**PROBLEM REQUIREMENTS**
Reproduce the listing that follows in full. Omit its images.

**DATA BLOCK**
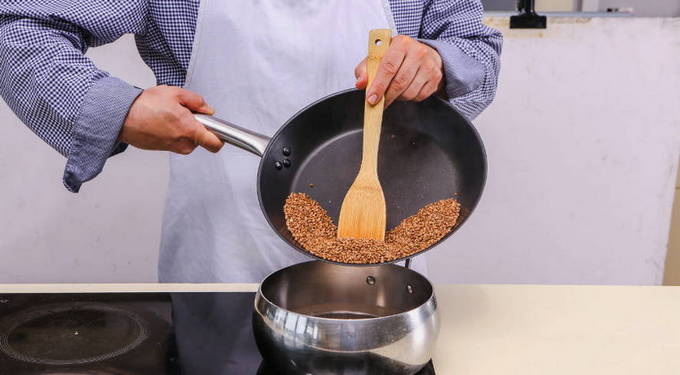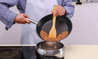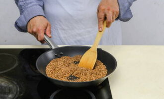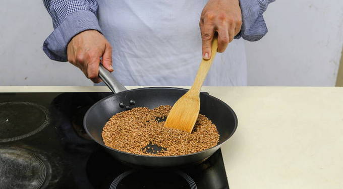Verwarm een koekenpan voor, leg er boekweit op en bak 4-5 minuten.
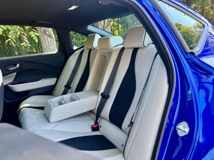 The 2nd row is roomy for passengers, with cushiony seats, nice door panels, a drop-down armrest with cupholders and USB-C ports (there are 2 up front as well.)
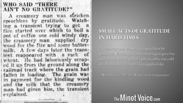A creamery man was stricken speechless by gratitude. Watching a transient trying to get a fire started over which to boil a pot of coffee one cold windy day, the creamery man supplied dry [...]Read More... from On This Day | Small[...]
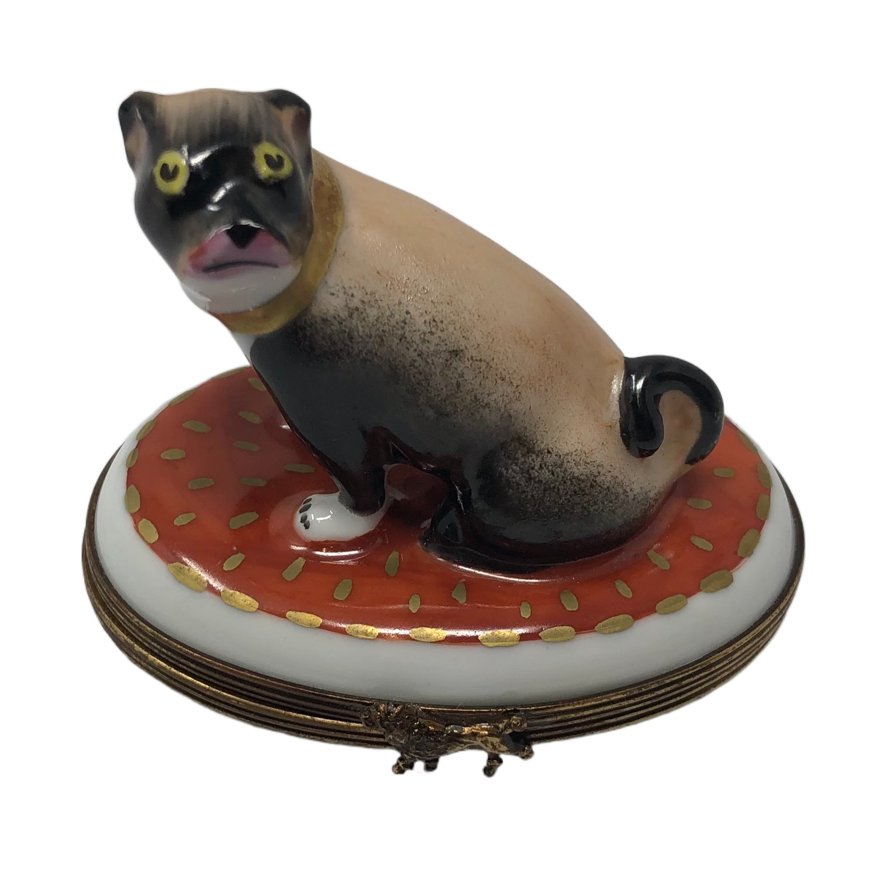 Regal Companion: Limoges Box - Golden Collar Dog on Red Mat

**RESULT FOR THIS EXERCISE**
Verwarm een koekenpan voor, leg er boekweit op en bak 4-5 minuten.
 The 2nd row is roomy for passengers, with cushiony seats, nice door panels, a drop-down armrest with cupholders and USB-C ports (there are 2 up front as well.)
A creamery man was stricken speechless by gratitude. Watching a transient trying to get a fire started over which to boil a pot of coffee one cold windy day, the creamery man supplied dry [...]Read More... from On This Day | Small[...]
 Regal Companion: Limoges Box - Golden Collar Dog on Red Mat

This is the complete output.